The RZ350 had a variable exhaust port valve called the Yamaha Power Valve System (YPVS) that was controlled by a basic computer. The YPVS could open and close the valve to move the height of the exhaust port and thus affect the exhaust port timing. This provided lower RPM torque while retaining high RPM power. The interchangeability of many of the major engine components with the Yamaha Banshee ATV has allowed strong aftermarket support for the RZ350.

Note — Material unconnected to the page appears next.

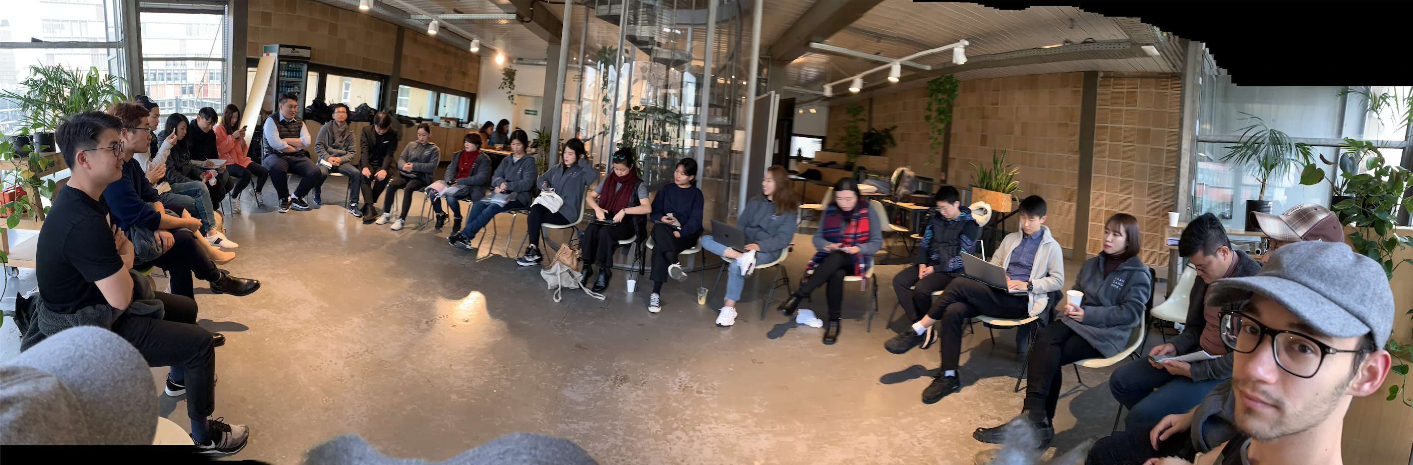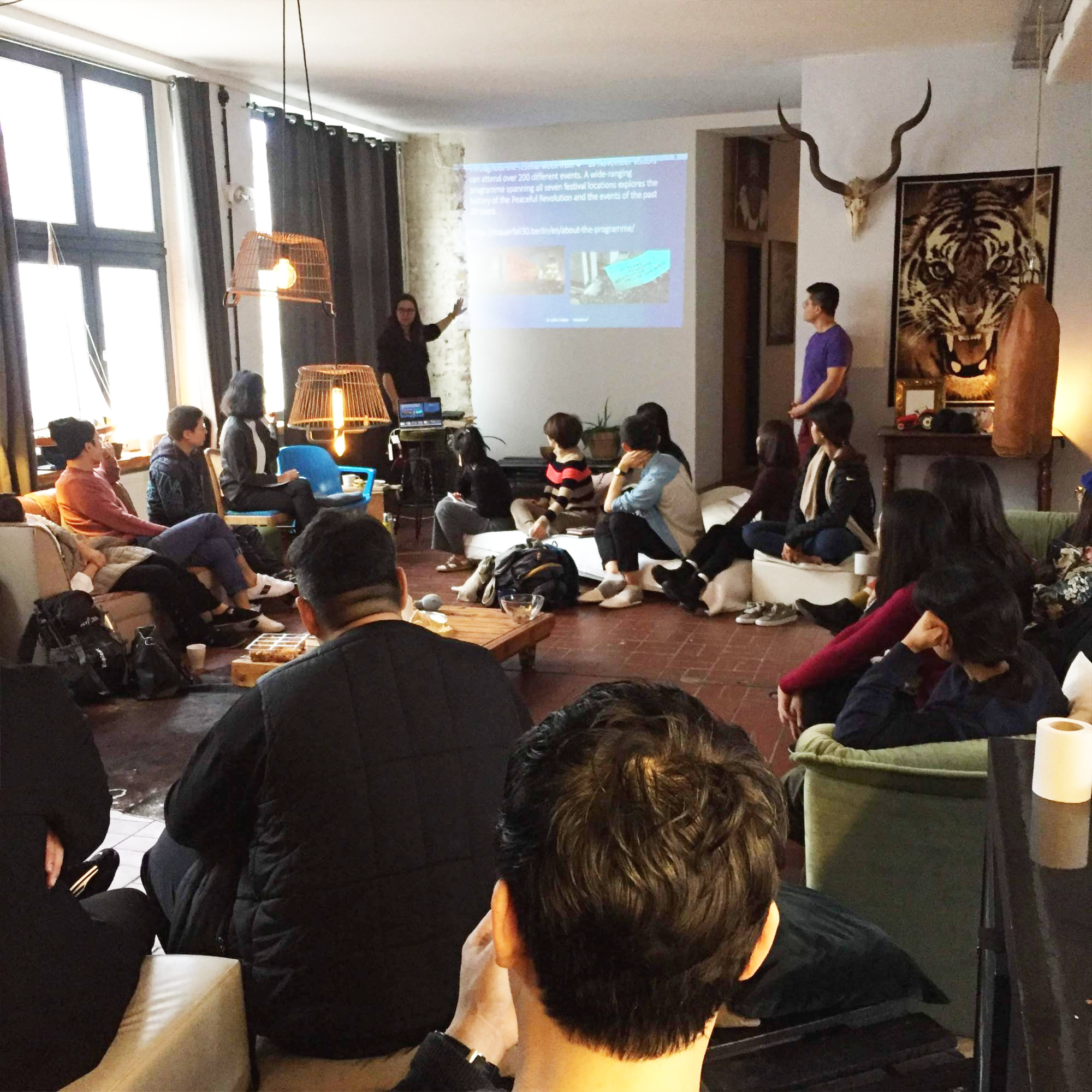 프로젝트 팀별 일정을 마치고 다시 베를린에 모인 아산상회 팀프레너들. 각 팀별로 다른 곳을 보고 돌아와 서로의 경험을 공유합니다.

The RZ had a 500cc stablemate called the RZ500. It came in a red-on-white color scheme. It was a twin-crank V4 (much like the GP bikes of the era) and was a quite different bike. Some distributors and dealers sold these bikes with custom paint jobs, causing confusion about OEM paint schemes.

In many countries, these bikes were known as RDs, but in North America and Australia they were called RZs. In Australia, England, Canada, and the USA the Yamaha RD series (RD60, RD125, RD200, RD250, RD350, RD400) from which the later RZ/RD were descended, were first released in the 1970s as air-cooled two-strokes. In 1980 the bikes had a redesign using ideas Yamaha gained from two-stroke Grand Prix and production race experiences. They also became liquid-cooled and had 'LC' appended to the name to designate this e.g.: RD350LC - some people referred to them as the "Elsie". The LC is the link between the earlier air-cooled RDs, and the later power valve (YPVS) equipped RZ series. The most common capacities sold in Australia were 250cc (maximum capacity allowed for new road riders) and 350cc.

The name changed to RZ (in Australia at least), with the introduction of the variable exhaust valve design in 1983 on the 'K' model. This was a whole new bike and although similar in concept, did not share any parts of the earlier LC series.